1. Characteristics of cohort: sex, average age, type of treatment
Characteristics of cohort: sex, average age, type of treatment
HTG – hypertensive glaucoma, NTG – normotensive glaucoma, IOP – intraocular pressure

2. Values of central corneal thickness in both groups of glaucomas
Values of central corneal thickness in both groups of
glaucomas
CCT – central corneal thickness, HTG – hypertensive glaucoma, NTG – normotensive glaucoma

For comparison of the measured values of CCT and CCT correction in patients with HTG and NTG we used a two sample t-test and graphic illustration with the aid of Box plots (Graph 1 and 2).

Uncorrected values of central corneal thickness in normotensive
and hypertensive glaucoma
1. Uncorrected values of central corneal thickness in normotensive and hypertensive glaucoma

Corrected values of central corneal thickness in normotensive
and hypertensive glaucoma
2. Corrected values of central corneal thickness in normotensive and hypertensive glaucoma

The statistical evaluation demonstrated that in the case of CCT and corrected CCT the values are lower in the group of patients with NTG than in the patients with HTG. In the case of the measured CCT values in NTG 554.9 ± 35.7 as against HTG 561.4 ± 32.7, the difference upon their comparison was not statistically significant (p = 0.181). Even after the conversion of corrected CCT values, upon the comparison of NTG (550.8 ± 35) against HTG (559.6 ± 33.1), the difference was not statistically significant (p = 0.069).

This difference may be caused by the uneven representation of the patients treated with PGA in both groups.
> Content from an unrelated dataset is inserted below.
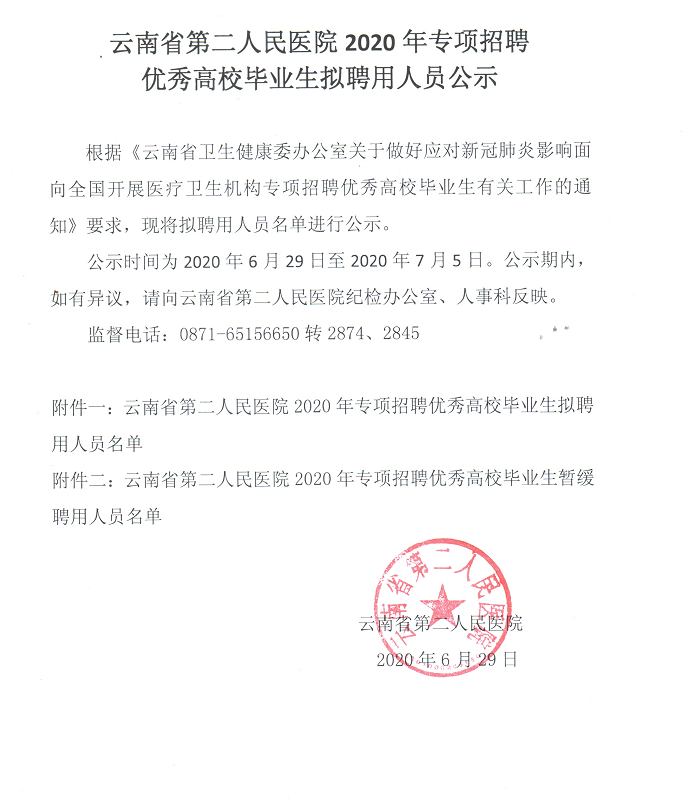 云南省第二人民醫(yī)院2020年專項(xiàng)招聘 優(yōu)秀高校畢業(yè)生擬聘用人員公示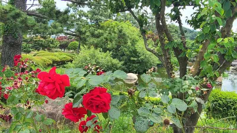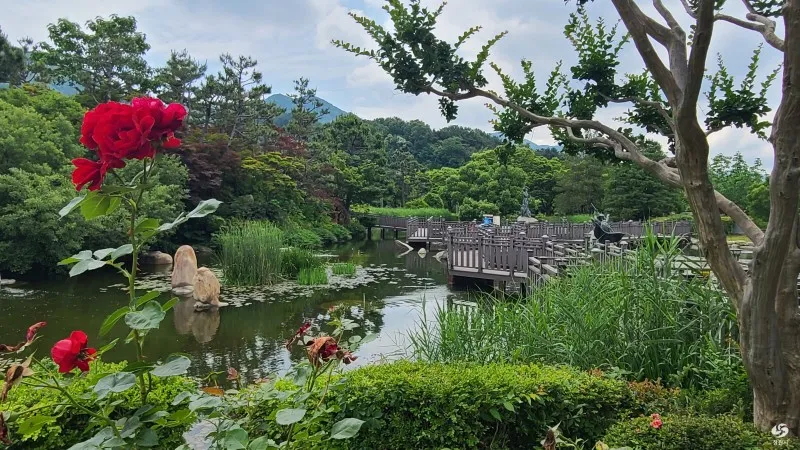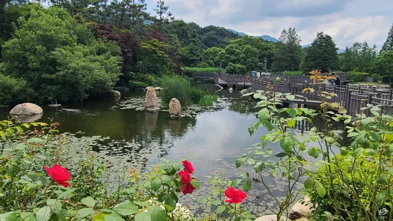 장미꽃이 강렬하게 피어 있는 사이로 경상남도정원의 연못이 있는 나무데크길로 걸어 가는데 숲에 와 있는 착각이 들 정도로 녹음이 짙습니다.

We also did not determine any influence of age on CCT (r = -0.1446, p = 0.3165).

DISCUSSION

The first to note the influence of CCT on values of intraocular pressure were Morad et al. (16). They determined that CCT is significantly lower in the case of NTG than in HTG. The same conclusions were reached by Hornová and Sedlák (8), who state in the conclusion of their study that in NTG there are significantly lower values of CCT in comparison with HTG.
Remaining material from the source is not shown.